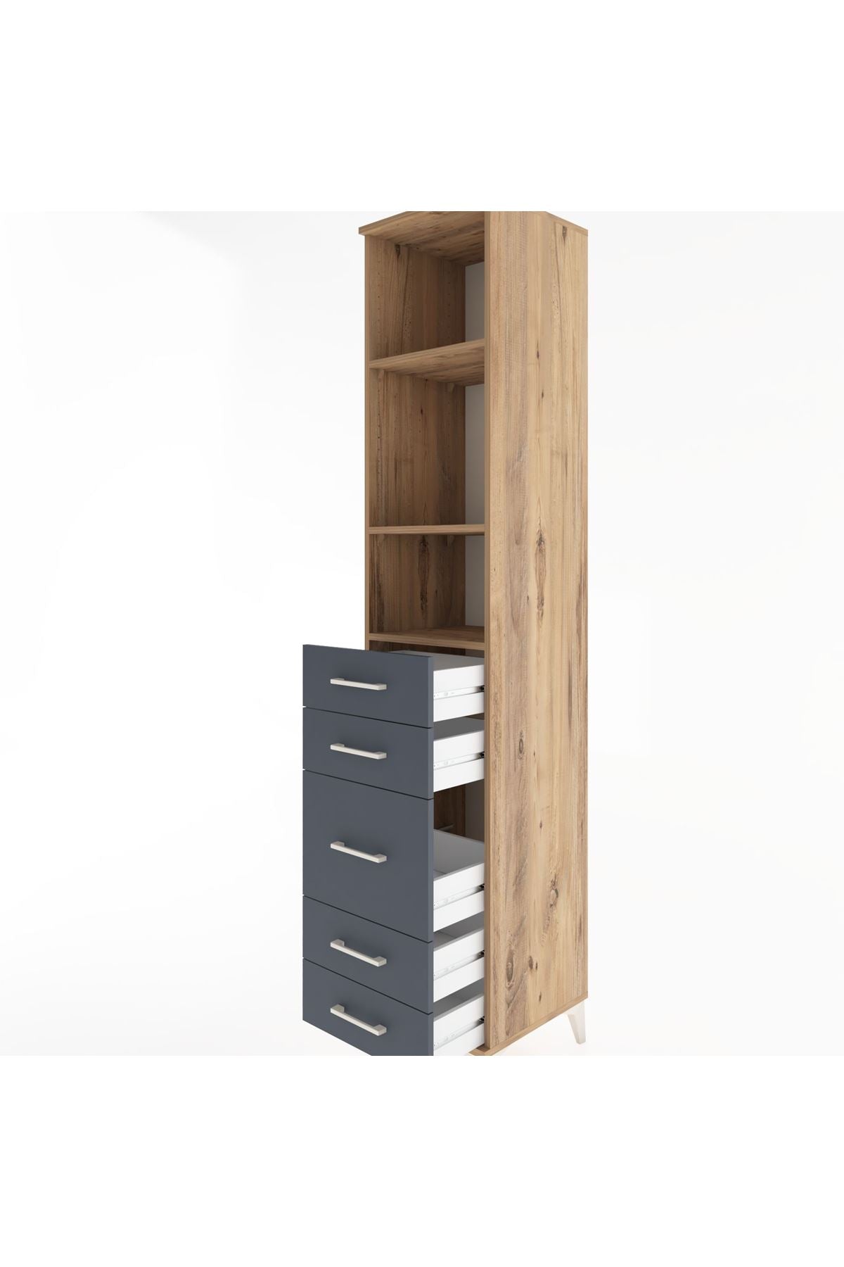Hyperion Dolap 3 Raflı 5 Çekmeceli 44x44x221 Çam-Antrasit
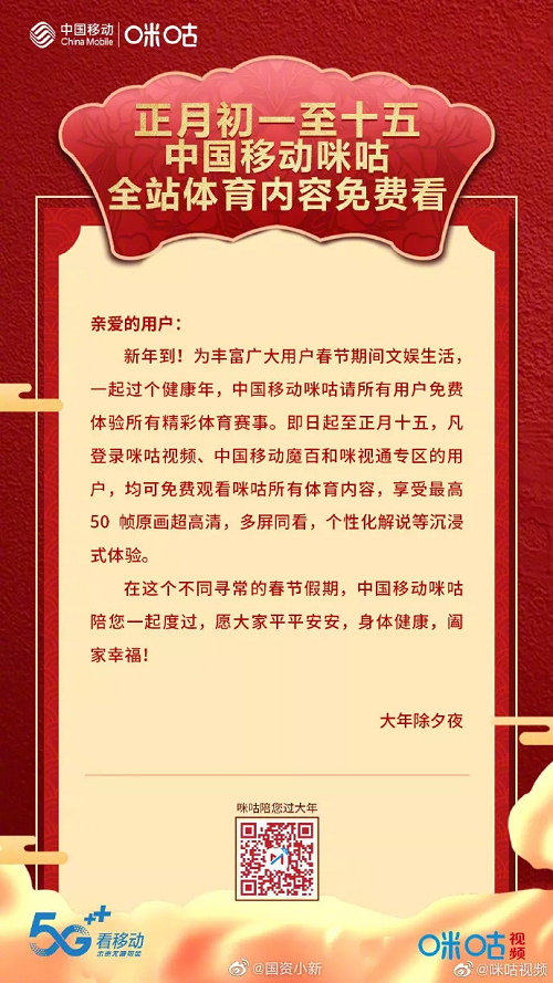 大事需要做,小事也要有人做。对于普通人而言,参与抗击疫情最好的方式,就是不要出门,保护好自己保护好家人,不让自己成为传染源。中国移动咪咕视频开放全站体育内容免费看,为大家提供丰富精彩的精神文化生活。
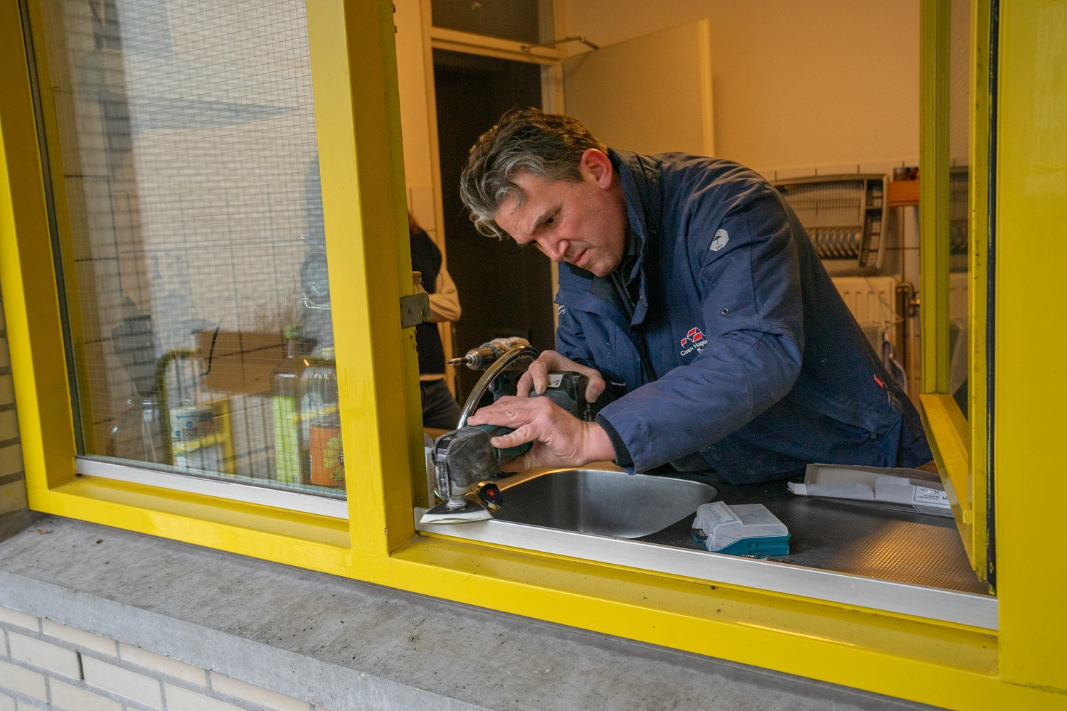 We komen aan bij het studentenhuis. Een studente leidt ons naar het raam in de keuken. Ide kijkt waar het raam klemt en wat de oorzaak is. Ook nu begint hij bij de scharnieren. Maar het rechttrekken daarvan is niet genoeg. Aan de onderkant schuurt hij het raam steeds een beetje bij. Hierna is het klemmen verholpen. Het ligt dus niet aan de tochtstrips, maar die vervangt hij wel. Zo sluit het raam nog beter.

───

## REQUIREMENT
Copy out every line of the material above exactly, skipping the pictures.

## YOUR SOLUTION
Hyperion Dolap 3 Raflı 5 Çekmeceli 44x44x221 Çam-Antrasit
 大事需要做,小事也要有人做。对于普通人而言,参与抗击疫情最好的方式,就是不要出门,保护好自己保护好家人,不让自己成为传染源。中国移动咪咕视频开放全站体育内容免费看,为大家提供丰富精彩的精神文化生活。
 We komen aan bij het studentenhuis. Een studente leidt ons naar het raam in de keuken. Ide kijkt waar het raam klemt en wat de oorzaak is. Ook nu begint hij bij de scharnieren. Maar het rechttrekken daarvan is niet genoeg. Aan de onderkant schuurt hij het raam steeds een beetje bij. Hierna is het klemmen verholpen. Het ligt dus niet aan de tochtstrips, maar die vervangt hij wel. Zo sluit het raam nog beter.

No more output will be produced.